Last I checked there were about 4-10 TTF bugs discovered and actively exploited per year. I think I heard those stats in 2018 or so. This has been a well known and very commonly exploited attack vector for at least 20 years.
Having said that, the "arbitrary code" found in TrueType is not really arbitrary either - it's not supposed to be able to do anything except change the appearance of the font. From a security standpoint, there's no theoretical difference between a WAV and a TTF font - neither can hurt your machine if the loader is bug-free. Practically speaking though, a font renderer that needs to implement a sort of virtual machine is more complex, and therefore more likely to have exploitable bugs, than a WAV renderer that simply needs to swap a few bytes around and shove them at a DAC.

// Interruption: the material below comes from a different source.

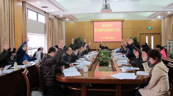 会议听取了“双代会”筹备情况、九届一次教代会提案办理情况;相关职能部门解读了《关于学校部分楼宇等命名的建议方案》、《浙江农林大学师生生态文明行为规范》和《浙江农林大学“十三五”规划纲要》等制定情况;会议通过了“双代会”会议安排草案和调整后的主席团成员和秘书长建议名单。
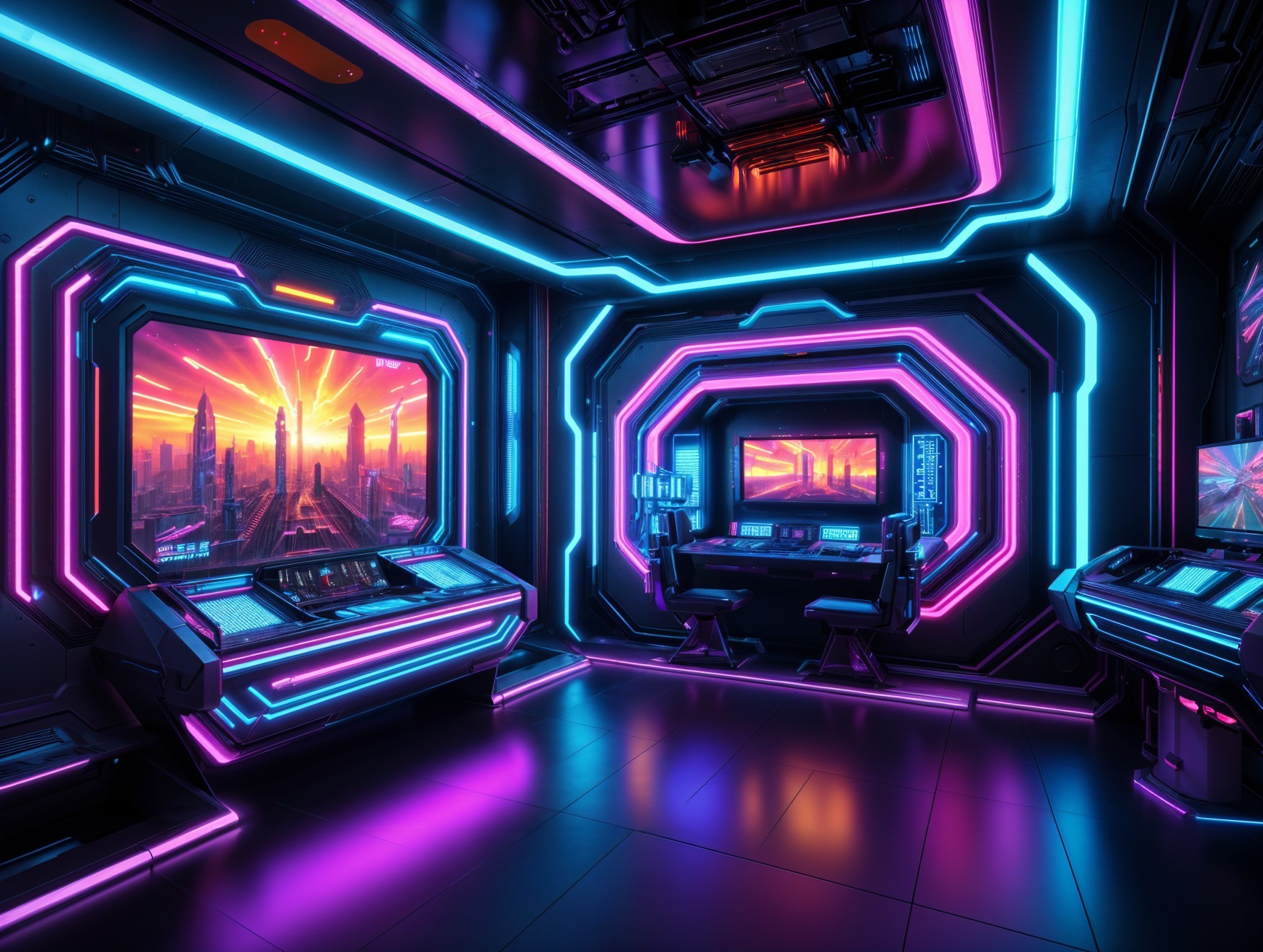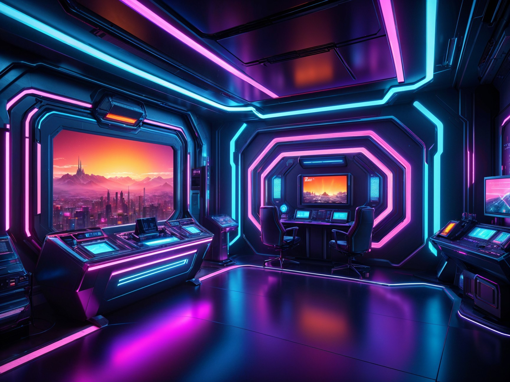 A futuristic room bathed in neon lights, featuring sleek consoles and large windows showcasing a vibrant cityscape at sunset. The design blends high-tech elements with a sci-fi aesthetic.

Security wise, Turing completeness doesn't matter[note]. All that really matters is that the implementation of the format is complex. H264 is not Turing complete, but it is complex, and thus a frequent source of vulnerabilities. Conversely you could probably put a toy Brainfuck interpreter in ring0 and, with moderate care, be confident that no malicious Brainfuck code can take over your system.
[note] It matters a little bit if you consider it a "security" problem that you lose any guarantees of how long a file might take to load. A malicious file could infinite loop, and thus deny service. But then again, this isn't restricted to Turing complete formats - a zip bomb can also deny service this way.